Air Toxicity Prediction

This is my Third Year project which aims to predict air toxicity levels in Mumbai, India, focusing on pollutant concentrations at three locations: Chakala, Kurla, and the Airport. The goal is to find the best algorithm for pollutant data using machine learning models like Linear Regression, Random Forest, Decision Tree, LSTM, and XGBoost. Predictions from each model are compared using RMSE.

Project Structure

The project is organized into two main folders: data and notebook.

Data

The data folder contains two subfolders: raw_data and processed_data.

raw_data: Contains the raw pollutant concentration data for the three locations in Mumbai.
processed_data: Contains the preprocessed data, ready for analysis and modeling.

Notebook

The notebook folder contains Python notebooks organized into four subfolders: EDA, Prediction, Forecast, and a temporary/dump folder.
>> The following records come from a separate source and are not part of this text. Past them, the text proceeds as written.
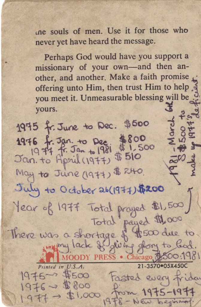 So in year 1975 I pledged Rm500. And God supplied. Then in year 1976 I raised the giving to Rm800. God again graciously provided. In year 1977 I preached on Faith Promise Offering (without handing out pledge forms. It was a personal “secret deal” with God & God alone.
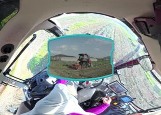 一つ目のスマート農業技術は「自動運転トラクター」です。トラクターがGPSの位置情報を読み取って、ハンドルを自動で操作してくれます。これまで4日間かかっていた作業を2日間でできるようになり、作業日数の削減につながっています。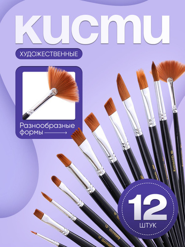 Кисти нейлоновые для рисования 12 штук - кисточки для масляных красок / художественные набор
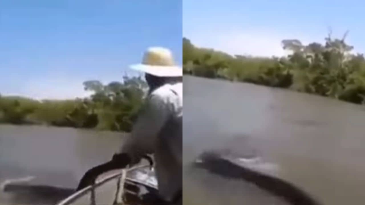 ভিডিয়োটি দেখে মনে হচ্ছে কোনও গভীর অভয়ারণ্যের নদী বা কোনও ম্যানগ্রোভ অরণ্যের মধ্যকার ঘটনা। ওই ভিডিয়োতে দেখা যাচ্ছে যে একজন ব্যক্তি একটি বড় সাপের লেজ ধরে টানছেন। সাপটিও জলের মধ্যে আচার-কাচার দিচ্ছে। তার পর কোনও রকমে সে পালিয়ে যায়।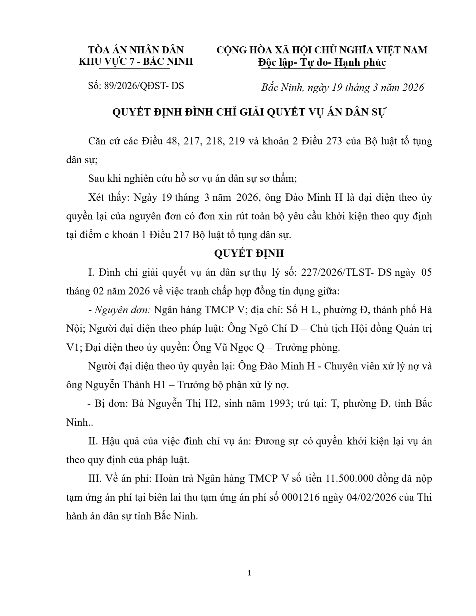 Quyết định số 89/2026/QĐST-DS ngày 19/03/2026 của Tòa án nhân dân khu vực 7 - Bắc Ninh, tỉnh Bắc Ninh về tranh chấp hợp đồng tín dụng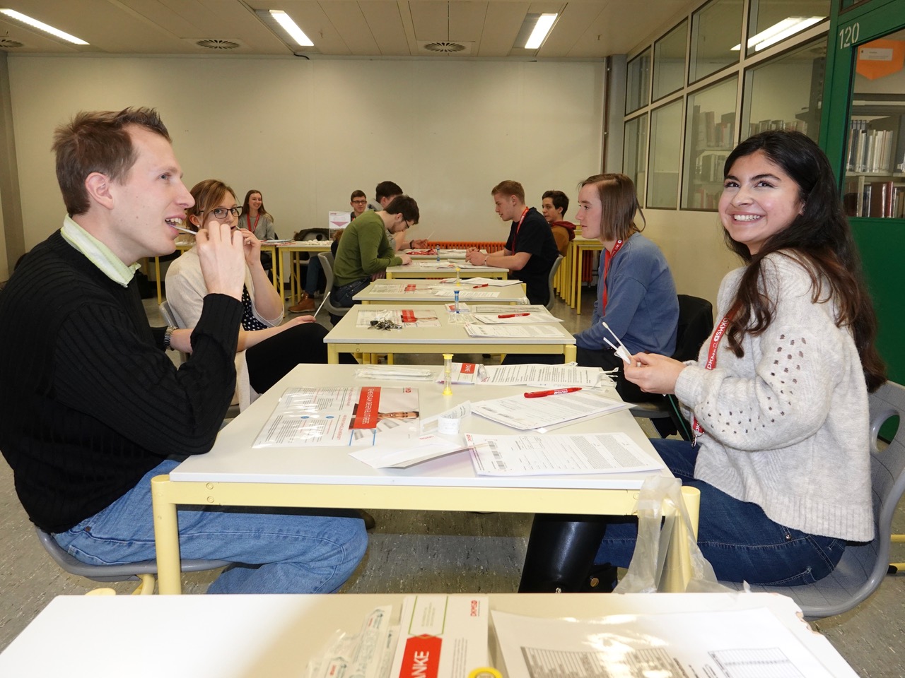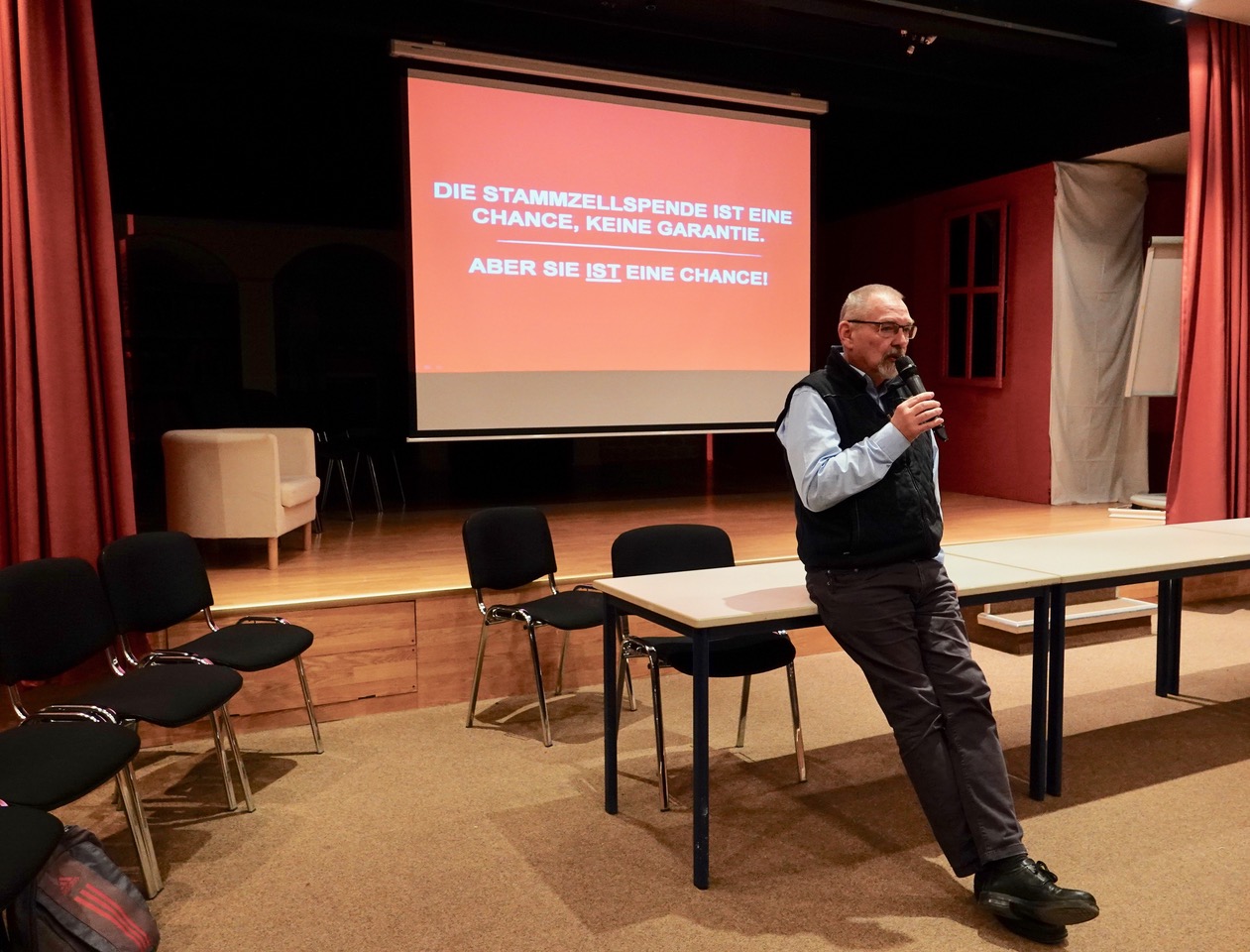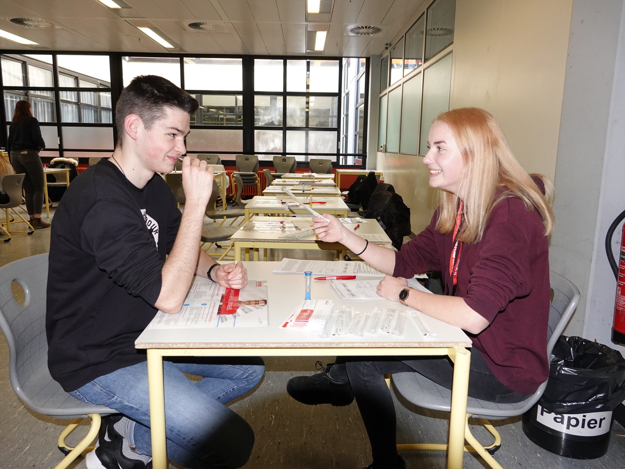 Nach der Begrüßung durch Schulleiter Jochen Henkel, der sich mit großer Empathie für die Aktion einsetzte und ausführlichen Vorinformationen durch Natascha Döhring, eine Mitarbeiterin der DKMS, fand nun am Taunusgymnasium nach vier Jahren zum zweiten Mal eine solche Typisierungsaktion statt. Bei der Informationsveranstaltung zu Gast war Axel Stolzenwaldt, ein im Jahr 2013 an Leukämie erkrankter Kollege am Taunusgymnasium, der gleichsam sein zweites Leben einer Stammzellenspende verdankt und nun als lebendiges Beispiel für den Erfolg der Therapie für die Registrierung als Spender warb. Sein genetischer Zwilling ist in Schweden zu Hause – gern würde er ihn persönlich kennenlernen. Mittlerweile feiert Stolzenwaldt – so merkte er scherzhaft an – seinen 5. Geburtstag seit der erfolgreichen Knochenmarksspende.

EDA: Contains notebooks for exploratory data analysis.
Prediction: Contains notebooks for building and evaluating prediction models using various machine learning algorithms.
Forecast: Contains notebooks for forecasting pollutant concentrations.
temp/dump: A temporary folder for storing miscellaneous files and work-in-progress notebooks.

References

sciencedirect.com: Modeling air quality prediction using a deep learning approach: Method optimization and evaluation.
journalofbigdata.springeropen.com: Air-pollution prediction in smart city, deep learning approach.

Additional Data Sources

Getting Started

Clone the repository to your local machine.
Install the required Python packages.
Run the notebooks in the following order: Preprocessing, EDA, Prediction, and Forecast.